Summary: AI is rapidly transforming healthcare, particularly in medical imaging, but concerns over transparency, fairness, and demographic biases remain, as highlighted by a recent study showing that improved model performance does not automatically ensure equitable outcomes.

Key Takeaways

  1. AI models in healthcare, particularly medical imaging, can predict demographic factors like sex, age, and race, which may lead to biased predictions and potentially reinforce healthcare disparities.
  2. High model performance does not guarantee fairness; models can perform well overall but still be less accurate for certain subgroups, as shown by the 30% fairness gap found between elderly and young patients.
  3. Improving fairness requires careful adjustments, such as using more representative datasets and removing demographic information, but optimizing solely for fairness can impact other metrics like precision, and fairness may vary depending on the deployment location.

———————————————————————————————————————————————————————————————

Artificial intelligence (AI) is transforming healthcare, with applications ranging from robotic surgeries to electronic health record (EHR) analysis and medical image interpretation. As of August 7, the U.S. FDA had approved 950 AI/machine learning-enabled medical devices, with over 100 of these authorizations granted this year, showing an exponential increase in AI use.

Most of these approved algorithms focus on medical imaging, where AI can analyze complex data to identify patterns crucial for diagnosis and prognosis. However, the methods AI uses to make predictions are often unclear, raising concerns about transparency and fairness.

AI in Medical Imaging

To ensure these models work fairly across different patient groups, a team from MIT and Emory University trained over 3,000 models, exploring various configurations, algorithms, and clinical tasks. Their analysis, recently published in Nature Medicine, reinforced known biases in AI while also providing new insights.

One key finding is that “AI can predict sex from ophthalmology images and illustrate that AI can predict age and gender from dermatology images.” This points to a broader issue: if AI can detect demographic factors, it might use this information in its decision-making. This “heuristic shortcut” means the model might rely on attributes like race or insurance status instead of actual pathological features. As a result, models could make predictions based on demographic characteristics alone, reducing accuracy and potentially reinforcing healthcare disparities.

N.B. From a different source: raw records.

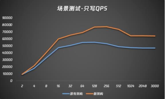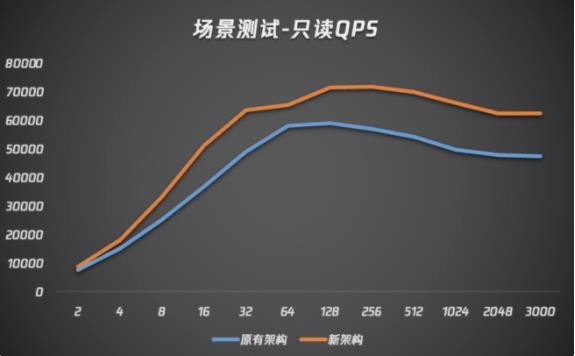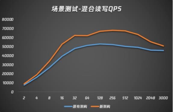 在只讀場景下,低線程數(shù)時搭載了新一代內(nèi)核的騰訊云數(shù)據(jù)庫 MySQL 的 QPS 增幅較大,趨近直線上升,在線程數(shù)達到 64 以后 QPS 上升平緩,總體性能始終高于上一代版本,且在線程數(shù)為 16 時,提升更是達到了近 25%。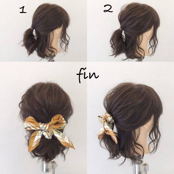 上一張圖片的造型的變化版,把已經用絲巾綁起完成的髮辮造型再加以利用。首先把髮辮拉起,稍微弄得更蓬鬆一些後,把它束成丸子頭後使用髮夾固定。然後可以戴上帽子等作點綴。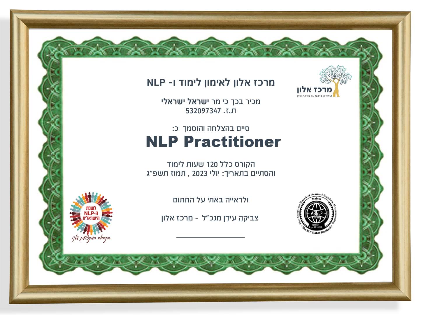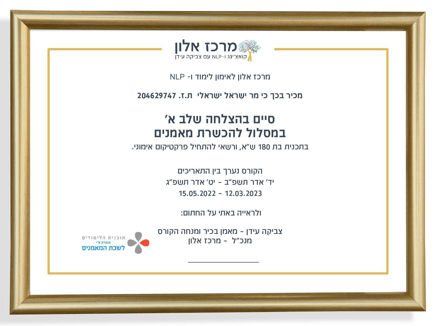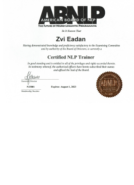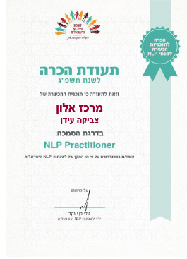 תעודת בוגר קורס הכשרת מאמנים מטעם לשכת המאמנים הישראלית. תעודה NLP PRACTITIONER מטעם לשכת ה N.L.P ומטעם הארגון הבינ"ל הגדול בארה"ב ABNLP

High model performance does not guarantee fairness. As study author Judy Gichoya, MD, explains, “Model performance does not automatically translate to model fairness. While high model performance is required for algorithm authorization, fairness is not always explicitly evaluated.” For example, a model might predict mortality from chest X-rays with high accuracy on average but still be less accurate for younger patients than older ones.

30% Fairness Gap in AI Radiology Models

The researchers found that a model’s ability to predict demographic factors often correlates with its fairness. Strong encoding of demographic features usually leads to a less fair model. For instance, when analyzing radiology data, the models accurately predicted a patient’s age 75% of the time. However, these models showed a 30% fairness gap between elderly (ages 80-100) and young (ages 18-40) patients. 

To improve fairness, the researchers adjusted datasets to be more representative and removed demographic information, which enhanced fairness without significantly sacrificing performance. However, optimizing solely for fairness could affect other metrics like precision or calibration. As Gichoya explains, “There’s always a tension between model performance and model fairness. Blindly optimizing for fairness could ultimately hinder the model’s utility, rendering it less reliable when it makes its prediction.”

Another key insight is that fairness can be location-specific. Models optimized for fairness in one setting may not remain fair when deployed elsewhere. Although models maintained high performance across different data sources, their fairness was not guaranteed, indicating that changes in data distribution can impact fairness.

This study underscores the complex balance between model fairness and performance, highlighting the ongoing challenge of making AI equitable and effective in healthcare.